Настя ушла обиженная, не попрощавшись.
«Мутят голову девке, — вскипел Степан Андреянович, — в самый раз теперь шум разводить».
Но назавтра он выехал в поле на час раньше обычного, а днем даже не поехал на обед. Вечером после работы у него ломило поясницу, подкашивались ноги. И все-таки от конюшни он пошел не домой, а в правление. Надо было и с председателем потолковать, да и просто так хотелось послушать, что деется на свете.
Сюда, никем не званные, поздно вечером, перед тем как забыться в коротком, тяжелом сне, собирались люди. И почти каждый вечер из неведомых далей доносился живой голос какого-нибудь земляка, — с Ледовитого океана, из-под стен Ленинграда, с южных степей Украины — отовсюду, куда забросила война пекашинцев, приходили долгожданные, свернутые незамысловатым, обтрепавшимся в долгих дорогах треугольничком, родные письма.
Какой-нибудь молчаливый Кузьма за всю свою жизнь не сумел сказать надоедливой женке и двух ласковые слов. А почитай его письма с фронта! И лапушка, и любушка, и кровинушка моя, — наговорил такого, чего и сам никогда не подозревал в своем сердце…
И вот исстрадавшаяся Анисья получит письмо, расплачется от радости, перечитает его раз десять сряду и про себя, и для свекрови, и для детишек, так что заучит каждое слово, еще прочитает, перескажет столько же раз соседям, а потом наконец выберет время: засядет отвечать.
Хочется много-много высказать, чем переполнено сердце: и о том, как она истосковалась по своему Кузе, и как часто видит его во сне, и о том, какими большими стали Сенька да Полюшка, которая родилась без него, и о том, как она — чего и греха таить — каждый вечер, ложась спать, вспоминает его в молитвах…
Но ничего-то этого не попадет на бумагу. Где же ей, полуграмотной бабе, измученной непосильной работой, пересказать себя? Из-под огрубевшей, непослушной руки, с трудом удерживающей карандаш, выходят одни корявые строки с вечными, запомнившимися с детства поклонами от матушки, жены и детушек, от всей родни и знакомых. Но как много скажут эти поклоны Кузьме!
Домашними запахами, родимыми голосами повеет с листка. Перед глазами встанет далекая немудреная отцовская изба. Вечер.
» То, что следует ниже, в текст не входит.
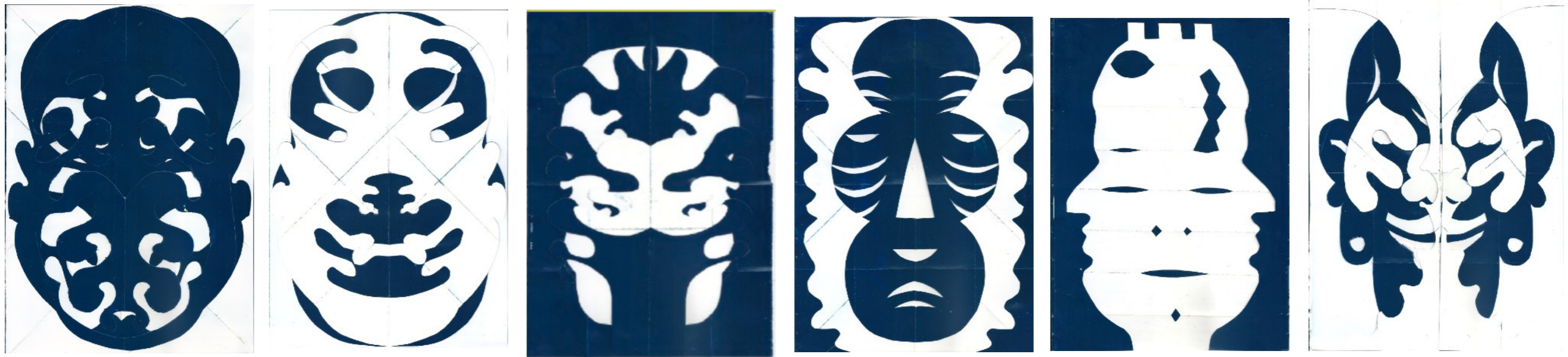
Máscaras, 2020 Acrílico y collage sobre papel 33,5 x 25,5 cm c/u

На столе чуть-чуть мигает коптилка, а то и просто трещит лучина, — где же взять керосин во время войны?.. Анисья только что подоила корову и, сев за стол на лавку, руками, еще пахнущими молоком и сеном, вырывает листок бумаги из толстой тетради, купленной года за два до войны для разных хозяйственных записей. Седая старенькая мать сидит на стуле, напротив жены, — слезы катятся по ее морщинистому лицу, и, должно быть, та же тоскливая дума, что и при прощании, грызет ее сердце. Суждено ли ей дождаться своего разъединственного кормильца? Возле матери пристроился пятилетний баловень Сенька. Рыжая лохматая головенка лежит на столе, глаза, серьезные и немигающие («письмо папке пишем»), следят за рукой матери… А где же Полюшка, которую он ни разу не видел? Спит в зыбке или на руках у бабушки? В одной строке какая-то буква оборвалась вдруг резкой чертой. Да ведь это Полюшка помогала матери…
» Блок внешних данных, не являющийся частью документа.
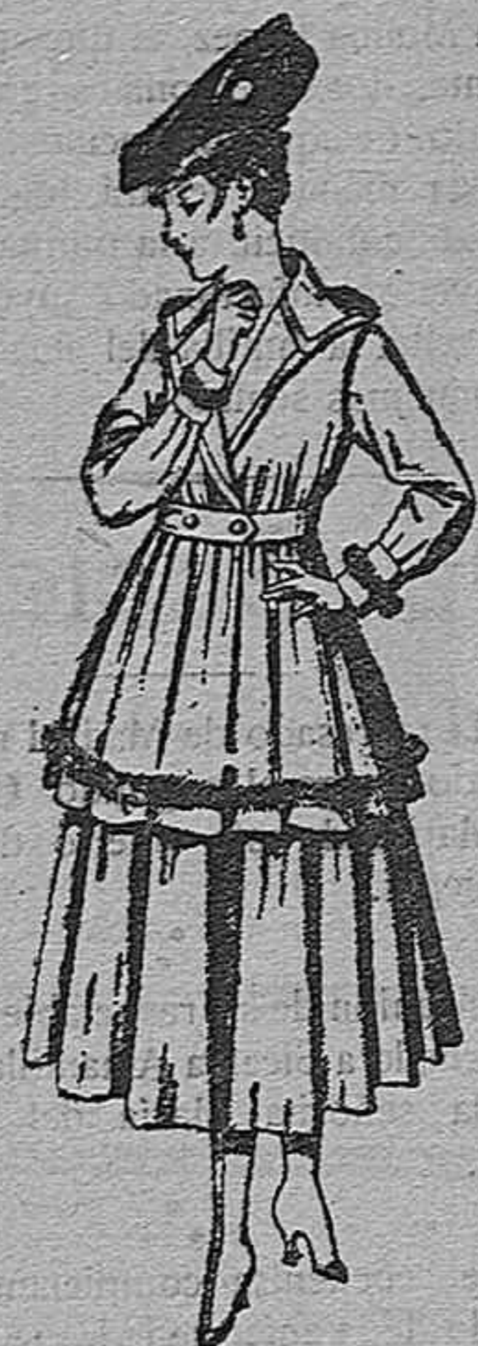
Gabanes de patén o cheviot, con cinturón. De pesetas 50 a 110. Los mismos a medida. De pts. 65 a 145.

Солдат перевернул листок и на другой стороне увидел замысловатые ломаные линии, выведенные на всю страницу прямо по писаному. Он вгляделся и понял: это малюсенькая Полюшкина ручка срисована в натуральную величину.
В конце письма буквы совсем расплылись. Видно, Анисья здесь не выдержала и дала волю слезам…
Горючей тоской оденется его сердце. А потом встанет, выпрямится этот тихий и смирный Кузьма, и уже ничто не остановит его, страшного и неукротимого в своей ярости.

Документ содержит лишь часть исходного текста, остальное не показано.